Страшное это зрелище — шелковистая кошка, долго играющая с золотою ящерицей, прежде чем ее сожрать. Еще страшнее видеть, как кошка-Судьба [так] порою играет с человеческой душой, невесть каким колдовством заставляя ее переходить от понятного отчаяния к другому, совсем уже безумному. И я невольно уподобился этой кошачьей породе, играя сердцем читателя, ибо если он не страдает, читая эти строки, то и читать ему незачем.

«Корабль отплывает нынче, сегодня, — наконец сказала себе Хунилла. — Значит, какой-то срок я еще могу быть уверена; без уверенности я сойду с ума. В невежестве своем я надеялась и надеялась; теперь я знаю и буду просто ждать. Теперь я живу, а не погибаю в бессмысленных блужданиях. Пресвятая дева, помоги мне! Приведи ко мне тот корабль! О вы, бесконечные прошедшие недели, ценою вас я купила сегодняшнюю уверенность и без жалости расстаюсь с вами, хоть и отрываю вас от себя!»
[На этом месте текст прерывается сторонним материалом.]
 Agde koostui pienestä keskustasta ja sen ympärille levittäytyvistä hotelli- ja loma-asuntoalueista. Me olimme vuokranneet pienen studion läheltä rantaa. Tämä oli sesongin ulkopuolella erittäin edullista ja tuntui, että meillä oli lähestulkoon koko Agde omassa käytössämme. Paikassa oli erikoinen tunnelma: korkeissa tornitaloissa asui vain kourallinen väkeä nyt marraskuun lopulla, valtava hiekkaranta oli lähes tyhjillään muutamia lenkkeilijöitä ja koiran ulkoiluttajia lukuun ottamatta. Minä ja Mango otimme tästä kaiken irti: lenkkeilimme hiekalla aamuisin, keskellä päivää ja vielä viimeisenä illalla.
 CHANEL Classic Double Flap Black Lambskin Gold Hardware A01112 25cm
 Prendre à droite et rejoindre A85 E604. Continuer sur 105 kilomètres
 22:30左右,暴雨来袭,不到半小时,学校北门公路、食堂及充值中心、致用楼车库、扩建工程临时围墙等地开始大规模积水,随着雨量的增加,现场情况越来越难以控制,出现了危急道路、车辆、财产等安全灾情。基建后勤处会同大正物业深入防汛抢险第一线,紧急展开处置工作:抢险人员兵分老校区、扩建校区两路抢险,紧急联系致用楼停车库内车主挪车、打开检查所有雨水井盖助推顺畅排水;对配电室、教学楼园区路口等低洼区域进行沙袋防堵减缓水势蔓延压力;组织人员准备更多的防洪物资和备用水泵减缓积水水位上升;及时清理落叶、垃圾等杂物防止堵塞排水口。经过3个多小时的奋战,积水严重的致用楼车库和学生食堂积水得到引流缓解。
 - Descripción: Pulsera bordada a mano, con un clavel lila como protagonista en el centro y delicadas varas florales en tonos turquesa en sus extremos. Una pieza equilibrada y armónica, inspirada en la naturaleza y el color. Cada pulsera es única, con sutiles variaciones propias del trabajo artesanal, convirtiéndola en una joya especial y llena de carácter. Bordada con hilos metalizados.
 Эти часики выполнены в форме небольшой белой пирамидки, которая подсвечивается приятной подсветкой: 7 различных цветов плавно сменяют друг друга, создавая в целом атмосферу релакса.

Как моряки, заброшенные штормом на пустынную скалу, строят лодку из остатков своего корабля и пускаются на ней по тем же волнам, — так и Хунилла, эта потерпевшая крушение душа, из предательства строила веру. Человечество, я славлю твою силу, но воплощенную не в увенчанном лаврами победителе, а в ней, побежденной.
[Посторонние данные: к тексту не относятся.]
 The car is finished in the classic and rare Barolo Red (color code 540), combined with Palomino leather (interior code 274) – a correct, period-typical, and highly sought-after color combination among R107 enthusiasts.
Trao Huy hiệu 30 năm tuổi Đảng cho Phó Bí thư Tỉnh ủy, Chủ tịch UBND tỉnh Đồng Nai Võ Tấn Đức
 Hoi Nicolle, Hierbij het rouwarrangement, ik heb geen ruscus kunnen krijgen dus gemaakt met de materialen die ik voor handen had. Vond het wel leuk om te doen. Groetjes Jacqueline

Поистине Хунилла оперлась на тростник [47] — не метафорический, а самый настоящий восточный тростник. Полый ствол бамбука, занесенный с неведомо какого острова и выброшенный на берег, с концами, некогда острыми, а теперь сглаженными точно наждачной бумагой, утерявший былую позолоту. Волны, и суша, и камни, неустанно трудясь, обнажили его и придали ему новый блеск, блеск его измученного тела. Естественные кольца на этой гладкой поверхности делили его на шесть кусков неравной длины. На первом Хунилла стала отмечать дни — каждый десятый зарубкой подлиннее и поглубже; на втором — количество яиц морской птицы, которые она для пропитания собирала по гнездам среди скал; на третьем — сколько рыбин выудила с берега; на четвертом — сколько мелких черепах поймала в чаще; на пятом — ясные дни, а на шестом облачные, и список последних был длиннее. Долгие ночи старательных подсчетов, математика горя, чтобы утомить, усыпить неугомонную голову; но сон бежал ее.
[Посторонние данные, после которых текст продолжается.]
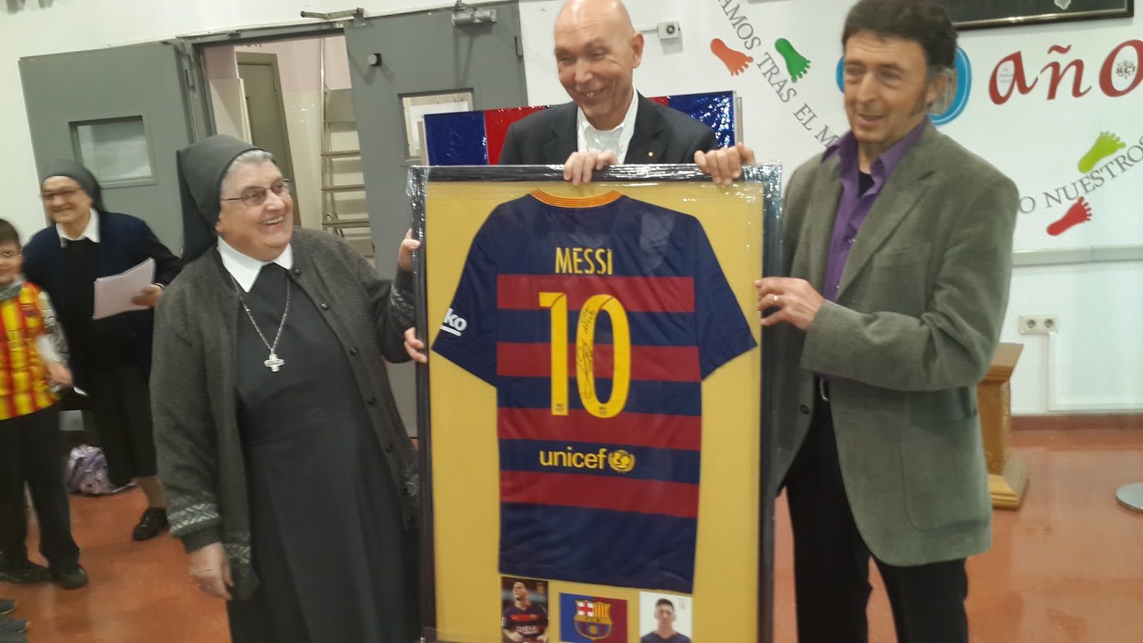 Aquesta tarda hem rebut amb il·lusió i gratitud l’entrega d’una samarreta del F.C.Barcelona signada, per Lionel Messi que ens ha facilitat l’agrupació IPA (International Police Association) amb l’objectiu que les MCI puguin organitzar un sorteig i destinar-ne els beneficis a les seves missions i accions socials.

Запись дней уже порядком стерлась, длинные зарубки еле прощупывались, как на азбуке для слепых. Десять тысяч раз тоскующая вдова перебирала пальцами этот бамбук, но флейта не отзывалась, молчала; ведь, считая пролетающих в небе птиц, не ускоришь хода черепахи в лесной чаще.

После сто восьмидесятого дня отметки кончались; последняя была самой бледной, а самой глубокой — первая.

— Ведь были и еще дни, — сказал наш капитан, — еще много, много дней, почему же ты перестала отмечать их, Хунилла?

— Сеньор, не спрашивайте меня.

— И за это время ни один корабль не прошел мимо острова?

— Нет, сеньор, но...

— Но что, Хунилла, говори же.

— Не спрашивайте меня, сеньор.

— Ты видела, как корабли проходили вдалеке, махала им, а они шли дальше — так было дело?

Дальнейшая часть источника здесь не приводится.